Your landlord's contribution to your build-out — and what it's actually costing you
A tenant improvement (TI) allowance is money your landlord contributes toward fitting out the space — plumbing, electrical, cabinetry, walls. Healthcare tenants are desirable because of long lease commitments and reliable rent, so landlords in competitive markets often offer meaningful TI allowances to attract and retain them.
What most operators don't realise: the TI allowance isn't free. Your landlord recovers their contribution through your lease rate over the term, at an implied interest rate that published commercial leasing data suggests is typically 6–10%. Part of your monthly rent is effectively a financing payment on your build-out — not pure occupancy cost.
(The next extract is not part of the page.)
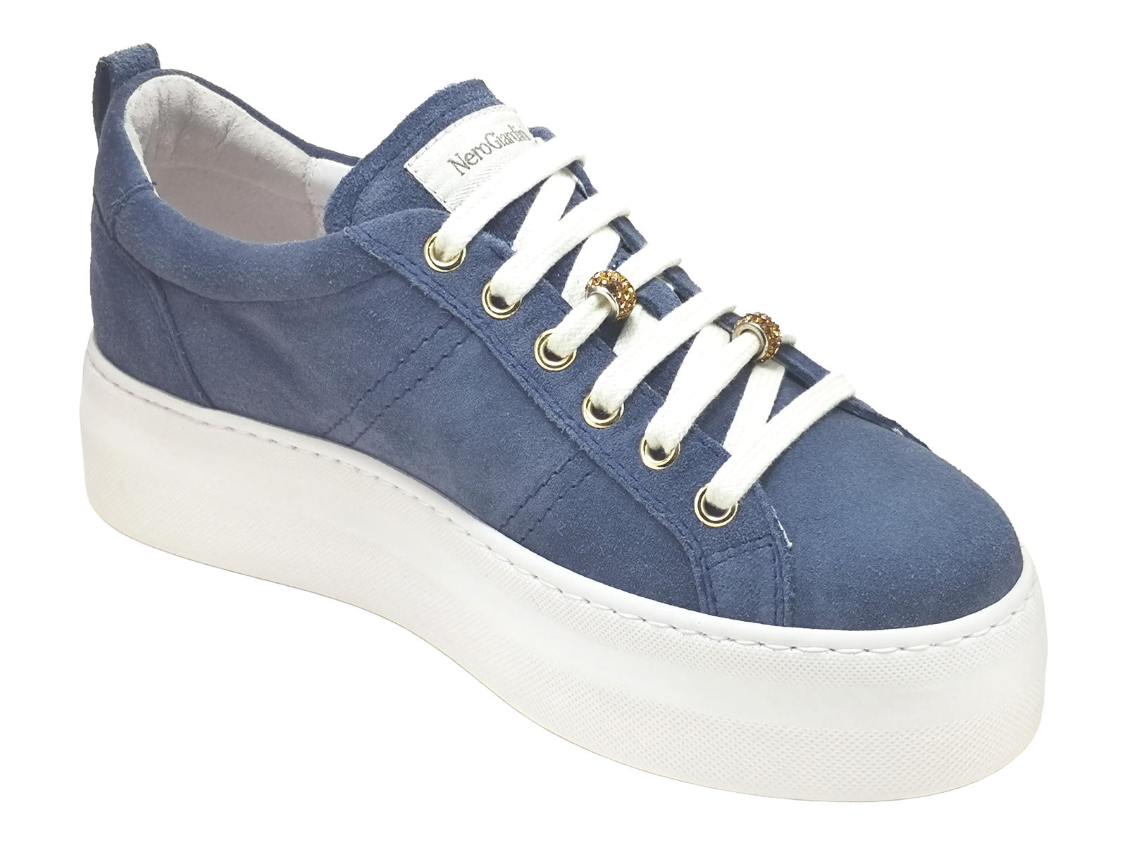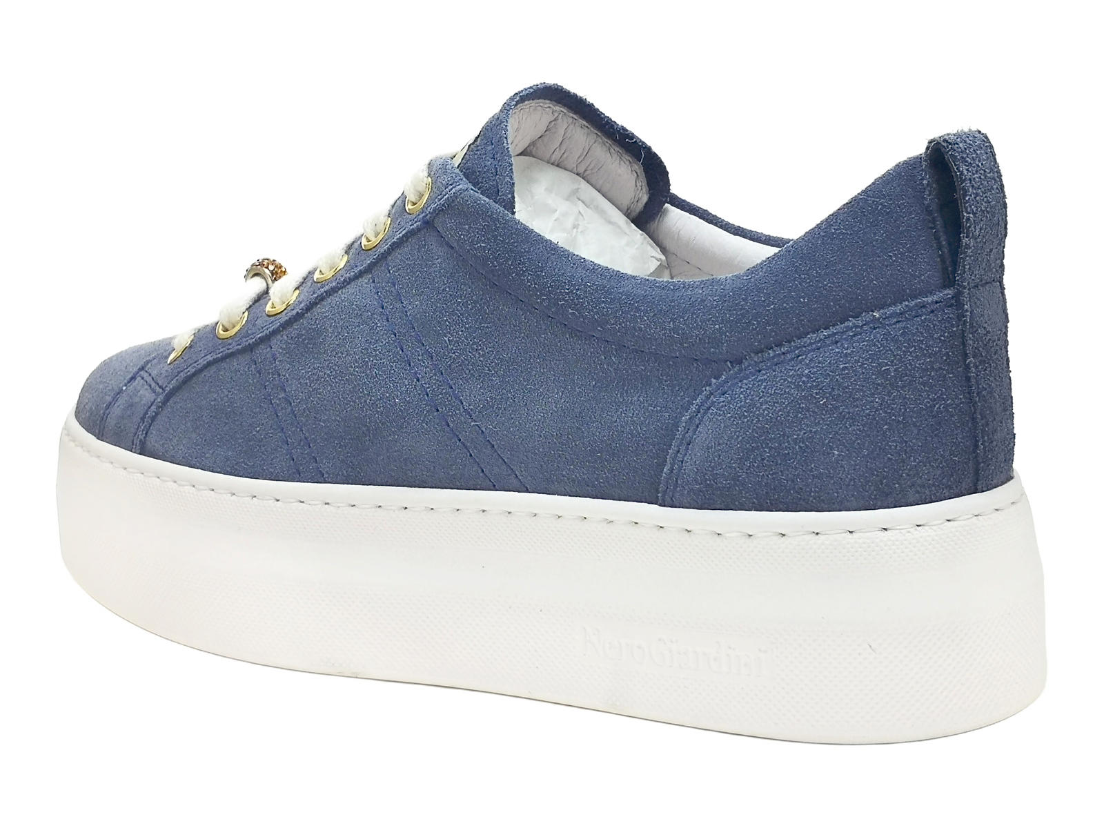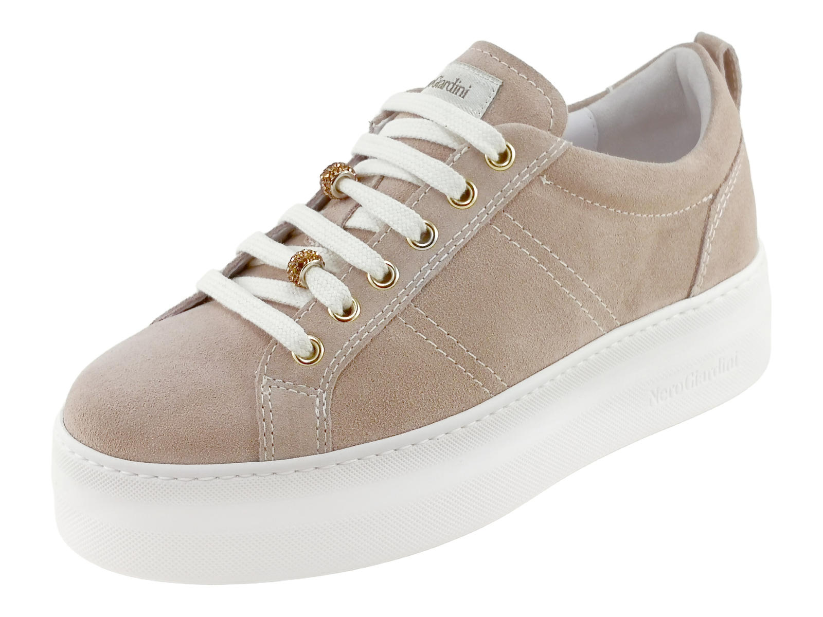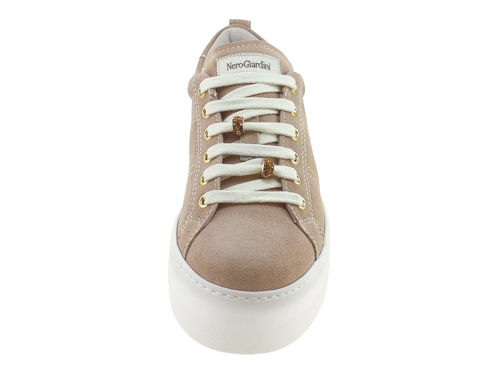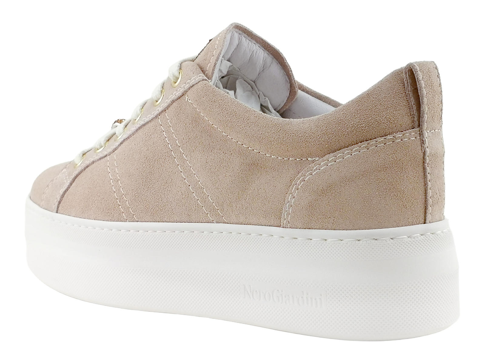 Descrizione: Aggiungi una nota di luce e raffinatezza al tuo look quotidiano con le nuove sneaker NeroGiardini in soffice velour.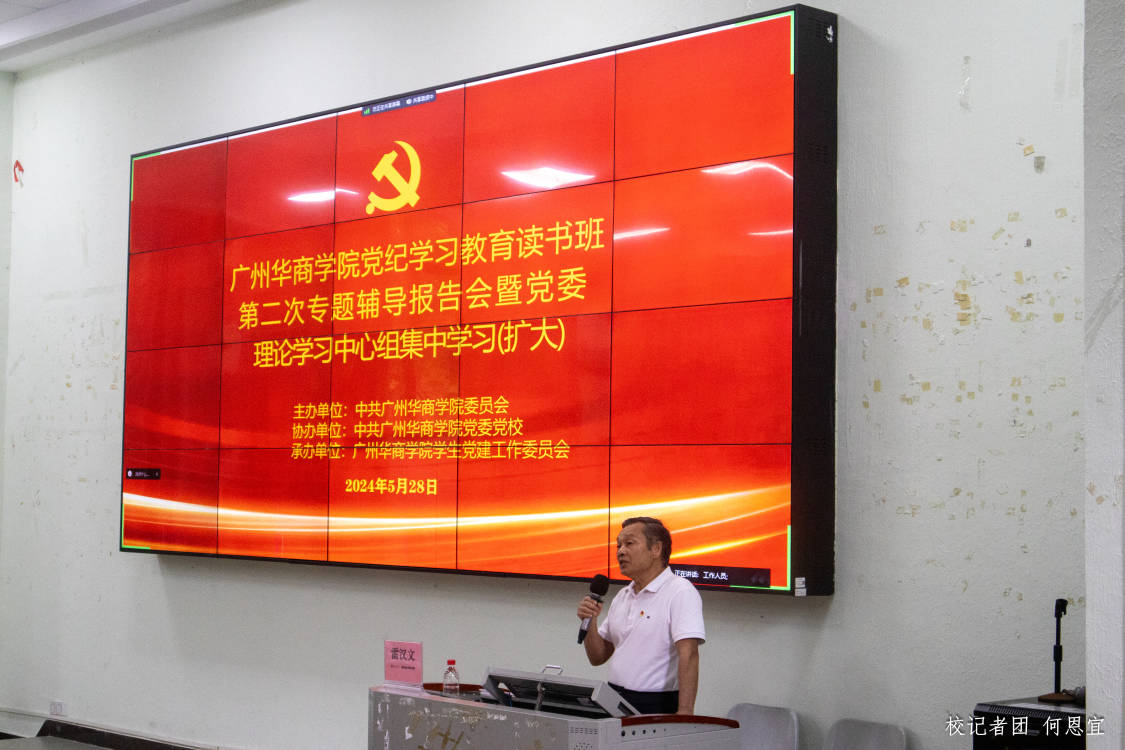 为推动全面从严治党向纵深发展,推进党纪学习教育走深走实,教育引导党员干部自觉学纪、知纪、明纪、守纪,5月28日,威廉希尔中文网站在广州校区励志楼C208召开党纪学习教育读书班第二次专题辅导会暨党委理论学习中心组集中学习(扩大)会议。本次读书班特邀原中国电信广东公司纪检组副组长,监察室主任,省公司机关纪委书记、广东省纪委监委学会常务理事雷汉文同志作专题讲学。学校党政领导班子、校长助理,各职能部门、各二级学院负责人及师生党员代表参加本次学习。

This matters because it means a lease with a TI allowance and a higher base rate is not the same as a lease without a TI allowance and a lower base rate — even if the total monthly cost looks the same. And when comparing a lease with TI against buying, the monthly numbers are doing different things. This calculator separates the embedded financing from the true occupancy cost so the comparison is genuinely apples to apples.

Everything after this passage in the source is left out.